Before I begin, let me tell you I did not plan any of this craziness. It was a combination of impulse and paranoia. It was similar to the time I gave up smoking but without the physical shakes and teeth grinding. A few weeks into this experiment and I'm happy to report that all my teeth are still intact.

Do we really need another social media / minimalist philosophy? Probably not, but this is an old school weblog post anyway.

Photo by Anete Lūsiņa on Unsplash

_Photo by Anete Lūsiņa on Unsplash_

You could probably avoid the Internet back in 2001, but even back then, I had a healthy online footprint. I read a lot of self-published weblogs, because personal stories fascinated me. My shopping habits involved 320x480px digital Kodak cameras and techie O'Riley books from Amazon. I had mIRC buddies and we would organize meetups at the local Red Robin's. <tangent>At that time, I didn't know that the restaurant didn't take reservations on Friday nights. We (40+ awkward online chat savants, a/s/l?) showed up and took over 15 tables for 2+ hours. Whoops! Sorry.</tangent> Heck! Even at my wedding we had a few tables that were reserved for my “online friends” (Picture was blatantly stolen from Heather without ANY permission heh). Flickr was my addiction because people posted awesome pictures plus I was fascinated with its user interface.

So what caused me to re-evaluate my relationship with social media and the Internet? A friend told me that their main news source was their Facebook feed. I thought, "That's weird, right?" But then this is apparently how most people get their news. I was curious and recently downloaded my Google and Facebook data, had eye opening moments that ranged from "So they didn't delete that relationship even though I removed that person from my friends list" all the way to "Oh, wow! They know that I clicked on THAT ad?!" The Moment app tracks a user’s daily "Screen Time" and "How compulsively you pick up the iPhone" metrics. These were are embarrassing numbers.

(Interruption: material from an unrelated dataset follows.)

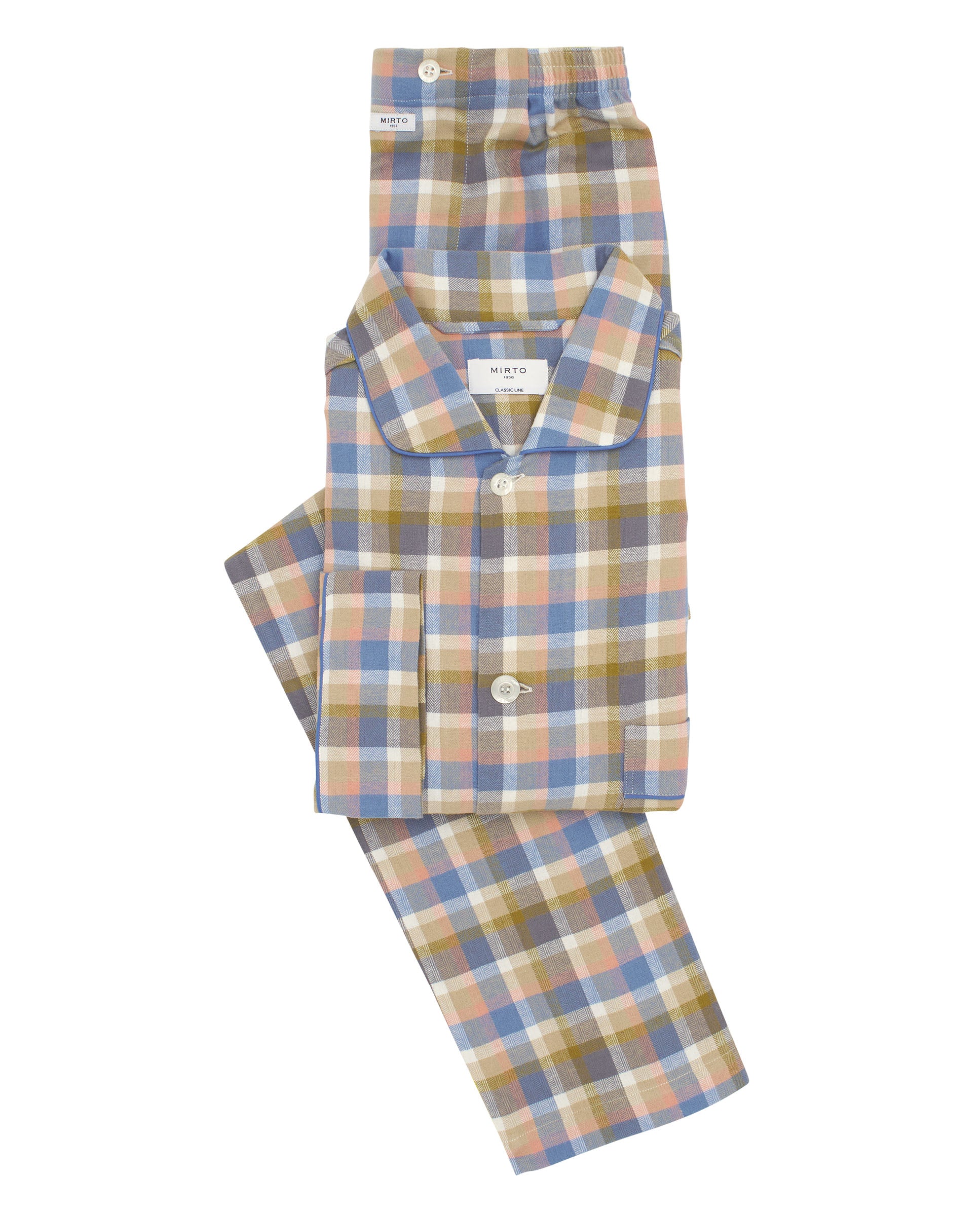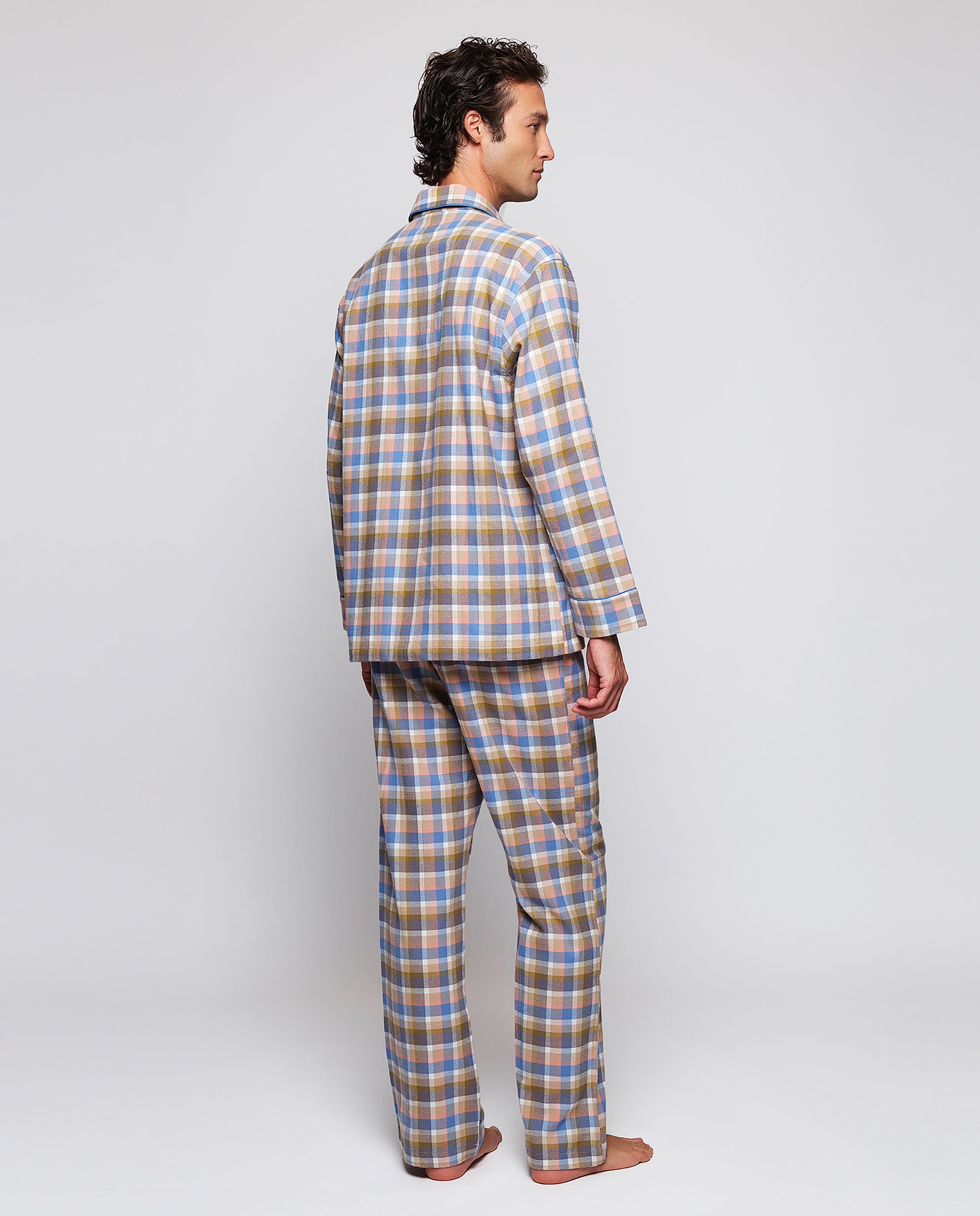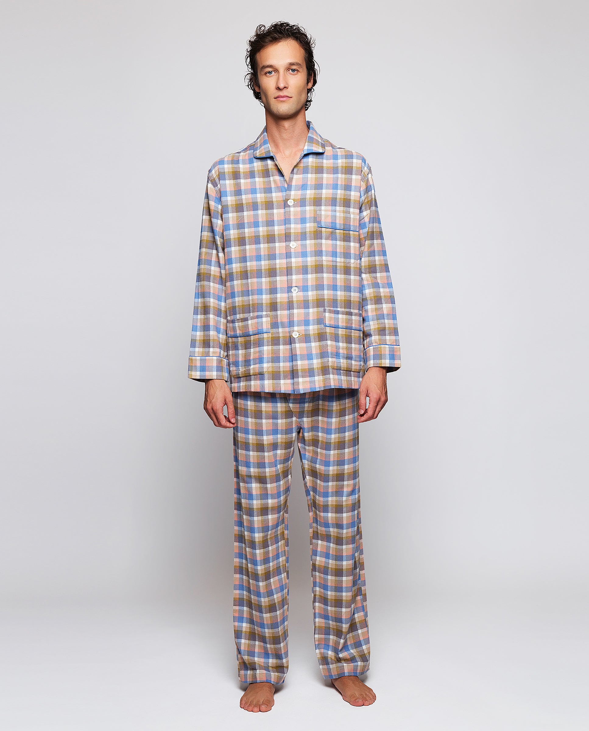 Pijama largo de cuadros 100% algodón franela con estructura en espiga. Chaqueta abierta con botones, cuello camisero, manga larga, tres bolsillos y vivos azules. Pantalón largo a juego de corte recto con cintura elástica y cierre con botones.

I have an Instagram and Twitter problem. Facebook, not so much. <thought>But is that like saying that I prefer ecstasy and cocaine because too many people smoke weed?</thought>

There was also a fleeting decision to delete all my social media accounts; I chickened out at the last minute and compromised by just logging out. It was surprisingly hard to find the log out button — in order of difficulty: Instagram, Facebook, YouTube and Twitter. And, this was when I...

Blacked out

Most articles that talk about a social media cleanse mention the clarity that comes from the decluttering of mental space. I am three weeks in and have not reached that level of Clear. The first week was a sad state of affairs; habitually picking up my phone, tapping on the Instagram icon, and cursing at the log-in screen. On the desktop, my fingers would unknowingly log into Facebook; curse, and promptly log out. There was a lot of cursing. This impulse can't be good.

Here are some insights I've collected in this brief period.

We all have to be smarter about the platforms we decide to join. Long gone are the days where you readily provide your email to check out a service or an app. We should be more discerning with what we allow to expand our digital footprint. This is especially true for free and advertiser driven revenue platforms where they ‘curate’ your feed using some ungoverned form of artificial intelligence. We must judge our use of these apps according to our trust in their leadership. If you get a sneaky feeling from Mark Zuckerberg, then maybe you should avoid Facebook.

Moving forward, I’ve decided to keep my social media accounts intact but leave them perpetually logged out. I’m not quite ready to delete these accounts.

I still consume a lot of content. In the absence of social media, I've turned back to books, audiobooks, and long form articles and essays. I've needed to recharge the Kindle multiple times these past few weeks. There was also a small experiment to write again (hence this post).

This works right now but it might not work for you. It might take less effort or less time, but it could also take a significantly larger amount of effort. Judge it according to your own situation and your willingness. Make your own decision. Don’t just ride the lazy river and float along having some platform pull away your attention and time.

So what now? I'll try to keep at it. It's an hour of freed up time today. Tomorrow, it might be a lifted brain fog. Maybe I'll pick up that great idea and start moving on it again. Or maybe I'll spend time playing the Nintendo Switch with my son because it’s the nth time he laughed at my Splatoon playing and that laugh is awesome.